▶ **Work to complete**:
A full, exact copy of the listing is needed, with images omitted.
[Data listing Boundary: Start]
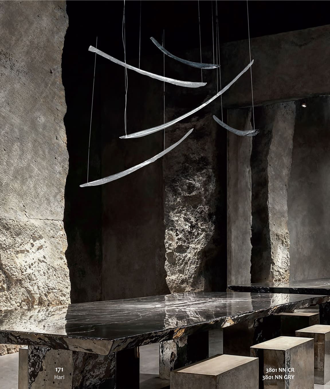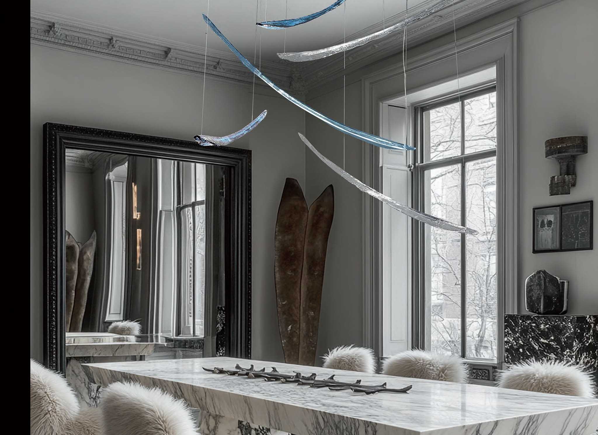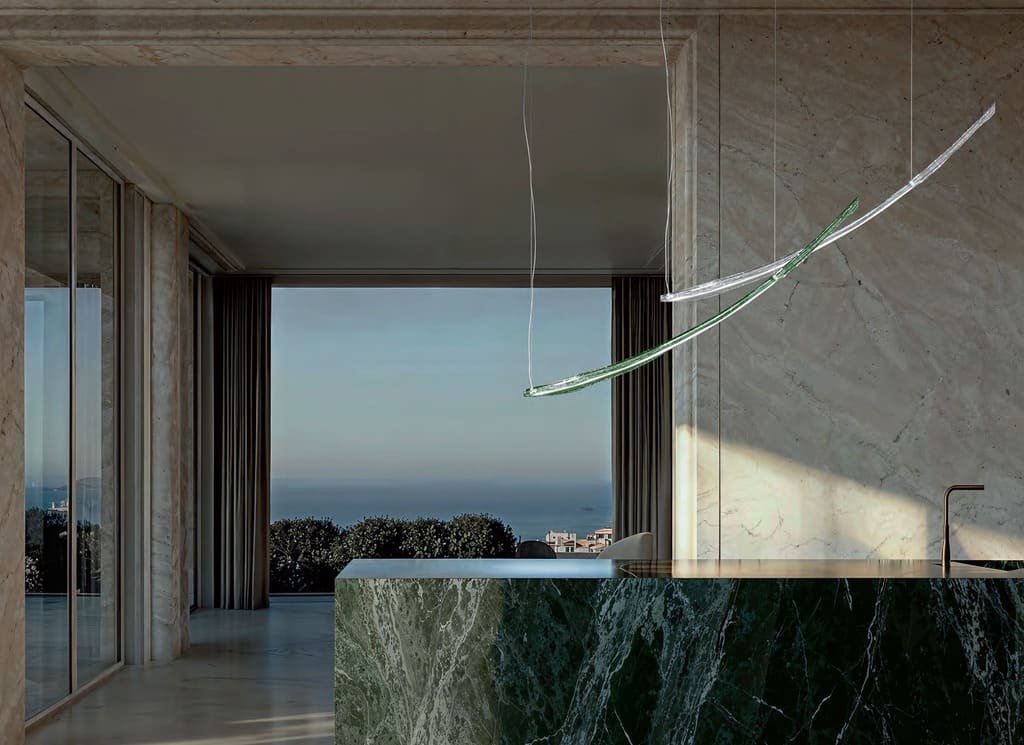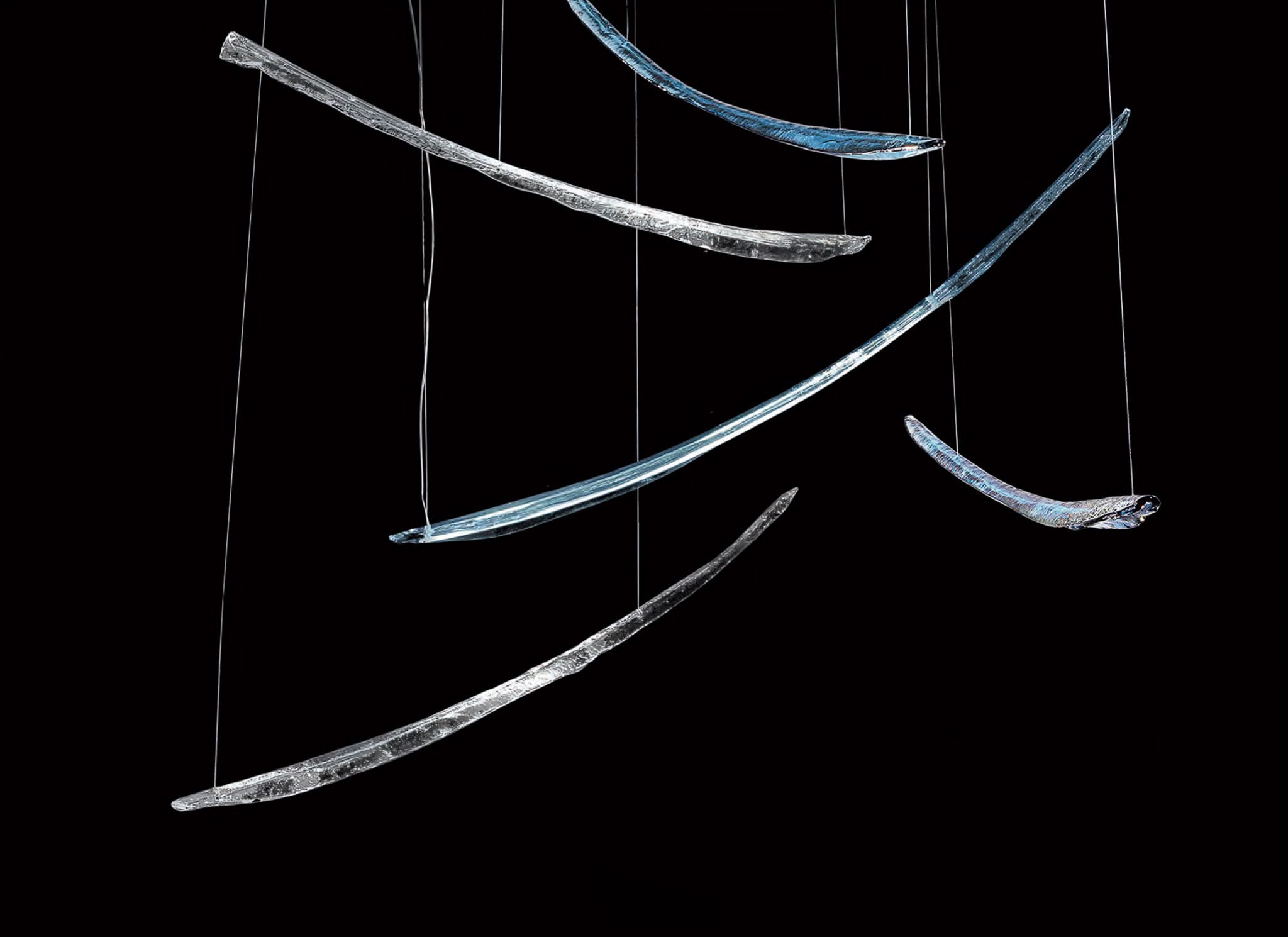 Sospensioni in vetro soffiato di murano, dalle linee morbide e sinuose.
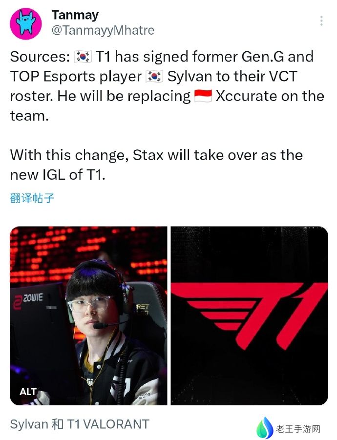 根据国外媒体人Tanmay消息,T1签下了前Gen.G、滔搏选手Sylvan,他将取代Xccurate成为T1的VCT阵容成员,而Stax将担任T1的新任指挥。
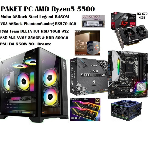 Paket PC AMD Ryzen5 MOBO B450M Phantom Gaming RAM 16GB VGA RX570 Phantom Gaming
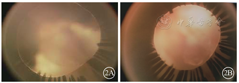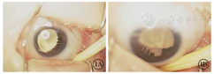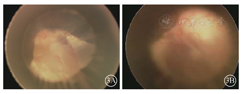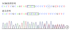 患儿于2016年1月28日在全身麻醉下行RetCamⅡ检查,可见双眼眼球小且下陷,角膜小,直径约6 mm(图1);晶状体呈球形,直径约4 mm,周边可见放射状拉伸的睫状突,后极部混浊(图2);双眼视盘及下方视网膜、脉络膜缺损,透见白色巩膜(图3)。修正诊断:双眼小眼球、双眼小角膜、双眼球形晶状体、双眼脉络膜视网膜缺损、双眼眼球震颤。分别采集患儿及其父母的EDTA抗凝血行基因检测,显示患儿CHD7基因存在移码突变(图4),可导致编码蛋白序列的明显改变。随后电话随访,家长诉患儿生长发育迟缓,对声音反应极不敏感;此外,患儿进食存在吞咽困难,与患儿喉软骨软化有关。
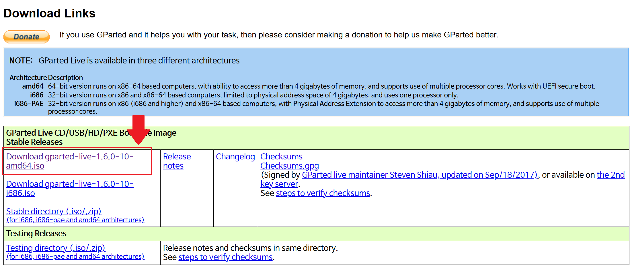 1. gparted.org 사이트에 접속하여 iso 이미지를 다운로드 받음(amd64.iso 라고 적힌 파일을 받습니다)
[Data listing Boundary: End]
▶ **Your response**:
 Sospensioni in vetro soffiato di murano, dalle linee morbide e sinuose.
 根据国外媒体人Tanmay消息,T1签下了前Gen.G、滔搏选手Sylvan,他将取代Xccurate成为T1的VCT阵容成员,而Stax将担任T1的新任指挥。
 Paket PC AMD Ryzen5 MOBO B450M Phantom Gaming RAM 16GB VGA RX570 Phantom Gaming
 患儿于2016年1月28日在全身麻醉下行RetCamⅡ检查,可见双眼眼球小且下陷,角膜小,直径约6 mm(图1);晶状体呈球形,直径约4 mm,周边可见放射状拉伸的睫状突,后极部混浊(图2);双眼视盘及下方视网膜、脉络膜缺损,透见白色巩膜(图3)。修正诊断:双眼小眼球、双眼小角膜、双眼球形晶状体、双眼脉络膜视网膜缺损、双眼眼球震颤。分别采集患儿及其父母的EDTA抗凝血行基因检测,显示患儿CHD7基因存在移码突变(图4),可导致编码蛋白序列的明显改变。随后电话随访,家长诉患儿生长发育迟缓,对声音反应极不敏感;此外,患儿进食存在吞咽困难,与患儿喉软骨软化有关。
 1. gparted.org 사이트에 접속하여 iso 이미지를 다운로드 받음(amd64.iso 라고 적힌 파일을 받습니다)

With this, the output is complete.